Czy ta recenzja była przydatna? 0 0
18-05-2019 o godz 00:00 przez: EdytaRutkowski | Empik recenzuje
Jeżeli uwielbiacie "Alicję w Krainie Czarów" to koniecznie musicie sięgnąć po tę książkę, ponieważ tytułowa Alyssa była inspiracją do napisania właśnie słynnej Alicji w Krainie Czarów. Dla mnie jest to wspaniała książka, która niezwykle zaskakująca i niepowtarzalna. Swoja tematykę wprowadza ona nas do niezwykłego świata, który mnie zachwyca i sprawia, że wcale nie mam ochoty odłożyć tej książki na bok. Moim zdaniem każdy z Was powinien sięgnąć po tę książkę, ponieważ naprawdę warto. Jest ona doskonała pod każdym względem ja jestem nią oczarowana. Zdecydowanie polecam każdemu!!!!
Czy ta recenzja była przydatna? 0 0
03-04-2019 o godz 00:00 przez: TeresaJasiński | Empik recenzuje
Jeżeli uwielbiacie książkę "Alicja w krainie czarów" to również ta propozycja Wam się spodoba. Ja w pierwszej kolejności czytając tę książkę miałam wrażenie, że tytułowa bohaterką to dorosła Alicja z Krainy Czarów. Alicja, która musi stawić czoła problemom bardzo współczesnym, które z jedne strony dotykają jej matką, a z drugiej sprawiają, że trudno jej ocenić, gdzie jest granica między rzeczywistością, a teraźniejszością. Myślę, że każdemu z Was ta propozycja bardzo się spodoba. Ja uwielbiam czytać te książkę, ponieważ za każdym razem przenosi mnie ona do niesamowitego świata.

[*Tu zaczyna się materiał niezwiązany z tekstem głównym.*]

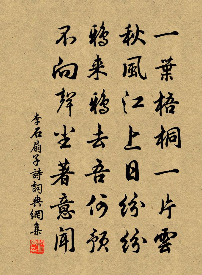 詩詞名句歷史字典書法欣賞書法字典國語詞典說文解字康熙字典古漢語字典標 題 作 者 詩 句 扇子詩作者:李石 朝代:宋代扇子詩原文一葉梧桐一片雲,秋風江上日紛紛。鴉來鴉去吾何預,不向聲塵著意聞。詩詞問答問:扇子詩的作者是誰?答:李石問:扇子詩寫於哪個朝代?答:宋代李石扇子詩書法欣賞扇子詩書法作品詩詞推薦頌古五十五首釋紹曇〔宋代〕美如西子離金闕,嬌似楊妃倚玉樓。猶把琵琶半遮面,不令人見轉風流。登嶺潘牥〔宋代〕黃茅連遠近,不見一人行。信步未知險,回頭方可驚。路由高頂過,雲在半腰生。落日無棲止,飄飄自問程。無題錢時〔宋代〕臨池綠樹陰陰合,入竹黃花顆顆新。世外別無安樂國,寰中真有太平人。從北流入鬱林望月岩曾豐〔宋代〕青山罅外見青天,翡翠屏間一鏡懸。表里集虛生至白,初終持滿得長圓。光明照處人心足,混沌開時物理全。它義慶一上人釋祖欽〔宋代〕識得一,萬事畢,慶快平生是今日。佛祖單傳無二心,生死洞然空四壁。匆匆聞訃來歸,不礙獨行特立。群峰疊亂滿江紅黃人傑〔宋代〕小隊旌旗,又催送、元戎領客。政十頃、荷香微度,草煙橫碧。楊柳參差新合翠,水天上下俱齊色。傍野橋、容與葛氏鼎歐陽修〔宋代〕大河昔決東南流,蕭條東郡今止湫。我從故老問其由,雲古五鼎藏高丘。地靈川秀草木稠,鬱郁佳氣蒸常浮。惟物生查子洪适〔宋代〕七月到盤洲,枕簟新涼早。岸曲側黃葵,沙際排紅蓼。團團歌扇疏,整整爐煙裊。環坐待橫參,要乞珠絲巧。閒居雜詠三十二首信陳淳〔宋代〕信以實諸言,於外無妄宣。要須循爾物,何可背其然。過達磨泉緬懷東坡曾豐〔宋代〕分野秦南海,城池漢尉佗。功名徒自苦,寒暑暗相磨。破寺容僧少,枯松閱士多。我來空想像,百世一東坡。奉和魯望薔薇次韻皮日休〔唐代〕誰繡連延滿戶陳,暫應遮得陸郎貧。紅芳掩斂將迷蝶,翠蔓飄颻欲掛人。低拂地時如墮馬,高臨牆處似窺鄰。只應游寺醉歸卻寄同坐李覯〔宋代〕江村古寺偶閒行,一飲全疑酒有靈。水底屈原應大笑,我今獨醉眾人醒。湖景施清臣〔宋代〕一曲新腔紫玉簫,護晴檐幙窣蘭橈。柳迷遠近花張錦,小泊危紅第六橋。醉臥至夜半半醒中若有所愧者聞空庭石渠流水史堯弼〔宋代〕吾生少懽娛,遇酒增慨慷。殷床惟一眠,萬慮幾消亡。半夜還有覺,惕然喟中腸。世故何足道,誠恐此志荒。人生詠史詩昆明池胡曾〔唐代〕欲出昆明萬里師,漢皇習戰此穿池。如何一面圖攻取,不念生靈氣力疲。對花方乾〔唐代〕清曉入花如步障,戀花行步步遲遲。含風欲綻中心朵,似火應燒外面枝。野客須拚終日醉,流鶯自有隔年期。使君題涪江石魚次何憲韻盛辛〔宋代〕巨浸浮空無咱通,雙鱗紀瑞杳難窮。昔人刻石留山趾,今日呈祥表歲豐。眾喜有年歌善政,獨慚無補助成功。須知仙巢李石〔宋代〕仙人九天上,驂鸞紲飛虬。飄飄紫霄御,下作人間游。二十四洞天,海上橫十洲。乾門鑿井絡,丹梯雲氣浮。中有白居易有望闕雲遮眼思鄉雨滴心之句用其韻為鄭剛中〔宋代〕老松成偃蓋,瘦竹抱虛心。清風度其中,瑟瑟韶濩音。聽這遂熟寐,飄然歸故林。三洞既生款,赤松亦幽尋。高樓蔡仲謀遺鯽魚十六尾余憶在襄城時獲此魚留以梅堯臣〔宋代〕昔嘗得圓鯽,留待故人食。今君遠贈之,故人大河北。欲膾無庖人,欲寄無鳥翼。放之已不活,烹煮費薪棘。名句推薦漢家君臣歡宴終,高議雲台論戰功。王維《少年行四首》 秋夜訪秋士,先聞水上音。袁枚《夜過借園見主人坐月下吹笛》 常記溪亭日暮,沉醉不知歸路。李清照《如夢令·常記溪亭日暮》 浮生長恨歡娛少。宋祁《玉樓春·春景》 天生我材必有用,千金散盡還復來。李白《將進酒》 隋堤三月水溶溶。背歸鴻,去吳中。蘇軾《江神子·恨別》 心生,種種魔生;心滅,種種魔滅。吳承恩《西遊記·第十三回》 愛而知其惡,憎而知其善。戴聖《禮記·曲禮上》 念往昔,繁華競逐,嘆門外樓頭,悲恨相續。王安石《桂枝香·登臨送目》 雨雪雰雰,益之以霢霂。佚名《信南山》

Czy ta recenzja była przydatna? 0 0
4/5
03-12-2019 o godz 15:21 przez: Polishreading
Zatop się w świat jak z „Alicji w krainie czarów”, ale bardziej makabryczny i mroczny. Alyssa słyszy odgłosy kwiatów i owadów. Od pokoleń na wszystkich kobietach z jej rodziny ciąży klątwa, a dziewczyna może ją wreszcie złamać wskakując do króliczej nory. Ma szansę odmienić ich los, jednak skok w jamę przeniesie ją do nieznanej krainy, z której może nie wrócić. „Alyssa i czary” to reteling sławnej „Alicji w krainie czarów”, idealny dla fanów fantasty z dreszczykiem, którzy lubią mroczne klimaty.
Czy ta recenzja była przydatna? 0 0
5/5
18-10-2018 o godz 03:52 przez: Anonim
Mimo że ma swoje drobne minusy to książka bardzo mi się podobała. Wciągnęła niemal od samego początku, a gdy się już skończyła, bardzo mi z tego powodu było źle. Mam też wielką nadzieję, że książka doczeka się ekranizacji, ponieważ na to zasługuje.
Czy ta recenzja była przydatna? 0 0
5/5
20-08-2018 o godz 14:12 przez: Kath666
Obowiązkowa pozycja dla fanów "Alicji w krainie czarów". A także dla tych, co kochają styl Tima!